Savannah Cristina was born in Miami, Florida, and was raised by an Africa-American father and a Dominican mother. She moved to Fort Lauderdale at the age of six. In 2019, she told Miami New Times: "I was raised by my church. I was raised by my school. I was raised by my Boys & Girls Club. I was really raised by the poetry teachers who took their time to invest in my art. All of those people created the woman I am today." She attended Stranahan High School, and graduated from Florida International University with a degree in political science.

== Career beginnings ==

Cristina began singing in church as well as at local community events. She told American Songwriter that she discovered her love of music in second grade when a choir teacher told her she had a gift. In high school, she started a poetry club and participated in slam competitions, studying performers like Aja Monet and Bertrand Boyd. In April 2016, she did a joint venture with the management company TheNuMiami, which posted her first single, "Spend It on Me," on SoundCloud. However, after her release of the self-care ep Savannah Cristina decided to stand firm on being independent in order to continue having creative direction. In 2021, Cristina hosted her own eight-city tour fully funded by her own label. After selling out in cities including D.C. and Atlanta, she was inspired to get back in the studio and release more music for her fans.

In 2017, she released Mango Season. The title, she told The PoPular Society in 2017, was inspired by the mango trees that bloom in Fort Lauderdale every summer. The following year, she released Florida Girl. She also collaborated with South Florida artists such as Twelve'Len, ¡Mayday!, and Ice Billion Berg, and contributed backing vocals to a track on Denzel Curry's 2018 album Ta13oo.

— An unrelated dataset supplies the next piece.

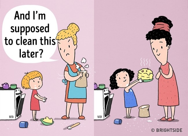 ดังนั้น แทนที่จะบนเรื่องห้องรก พ่อแม่กลับจะปล่อยให้เด็ก ๆ ทำอะไรแบบที่ชอบ แล้วก็ค่อย ๆ ใช้เวลาอธิบายว่าทำไมถึงต้องมีระเบียบ

In 2019, Savannah Cristina signed a record deal with Dollaz N Dealz. She posted videos of herself performing around her neighborhood, including a basketball court (for “Rebound”) and a busy intersection (for “Belong to the Streets”). She told Rated R&B, "I got to a point where I wanted people to see what I'm doing, and if that means I have to go out into the street or go into the middle of the beach or go to a basketball court, I'm going to get your attention. So, that's where the inspiration came from. I came up with the idea myself and I love the way everybody accepted the way that they did." She told Flaunt: "All these spots I pick are places from my childhood. The basketball court, I grew up going to that court playing with my dad. That street is the street I caught the city bus to go to school."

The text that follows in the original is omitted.